Уголок его рта приподнимается в улыбке.

 Он еще не закончен. Так ты готова приступить?  спрашивает папа.

 Что, прямо сейчас?  удивляюсь я.

 Нет времени лучше, чем настоящее,  говорит он, и, уверена, эти слова кажутся ему отличной шуткой.

Он подходит, чтобы взять у меня велосипед, и мы медленно шагаем в сторону «Робл».

 Кстати, как дела в университете?  спрашивает он, как любой другой заботливый отец.

 Хорошо.

 А у твоей подруги?

Мне кажется странным, что он спрашивает о моих подругах.

 Ну у какой?

 Анджела,  уточняет папа.  Ведь это из-за нее вы поехали в Стэнфорд, верно?

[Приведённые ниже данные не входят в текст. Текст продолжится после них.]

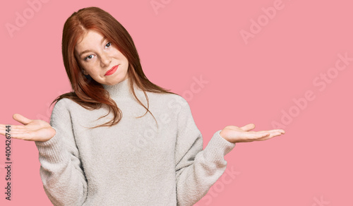 Young read head woman wearing casual winter sweater clueless and confused expression with arms and hands raised. doubt concept.
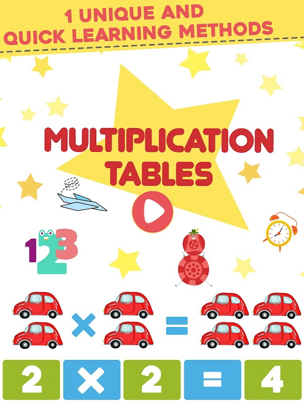 Multiplication is an important skill in Maths. Mastering multiplication usually begins with learning the times tables. Help your child learn each times table and boost their confidence. Learn times tables fast! Use this app to teach your kids math tables using Unique quick learning method.
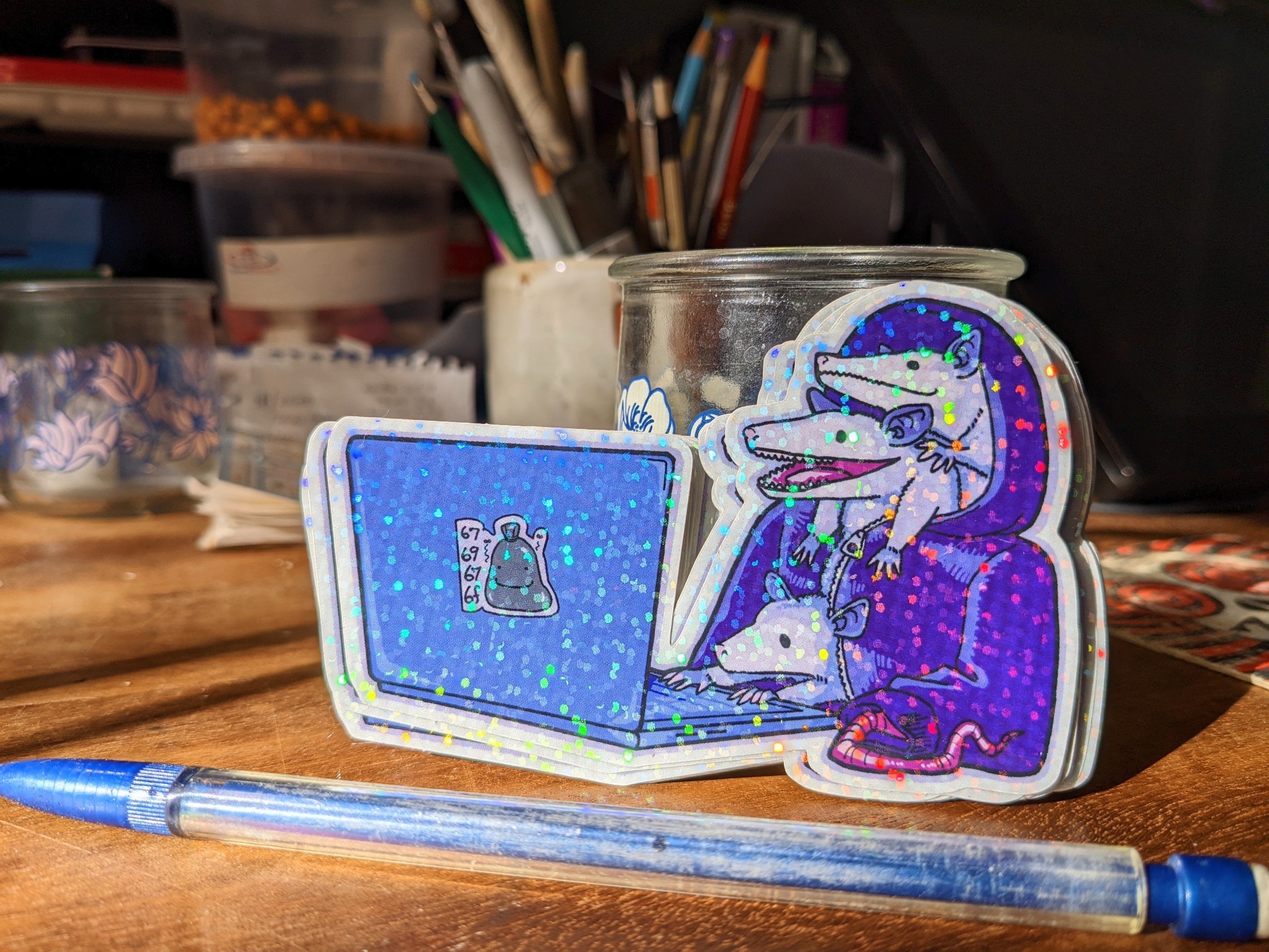 Hacker Possums Glitter Sticker

 Ох. Да. Кажется, у Анджелы все хорошо.

По правде говоря, в последний раз мы с ней тусовались, когда она позвала меня в Мемориальную церковь. Я звонила ей на прошлых выходных, чтобы пригласить на новый ужастик, который вышел в преддверии Хэллоуина, но она меня отшила. Сказала, что занята. Также она отказалась сходить на вечеринку или поэтические чтения, куда я звала ее в надежде отвлечь от учебы. И даже на курсе гуманитарных наук она вела себя крайне тихо и постоянно витала в облаках.

На самом деле в последнее время я чаще встречаюсь с ее соседками по комнате, чем с самой Анджелой. С Робин мы вместе ходим на занятия по истории искусств по понедельникам и средам, а после пьем кофе. А с Эми мы завтракаем вместе, без умолку болтая о всякой чепухе. И от них я узнаю, что Анджела либо пропадает в церкви, либо сидит в комнате, приклеившись к ноутбуку, или читая устрашающие на вид книги, или строча что-то в своем блокноте. К тому же она почти не вылезает из своего спортивного костюма и иногда даже забывает про душ. Судя по всему, она напряжена больше, чем обычно. Думаю, так на нее влияет предназначение и ее одержимость цифрой семь, парнем в сером костюме и всеми остальными подсказками из видений.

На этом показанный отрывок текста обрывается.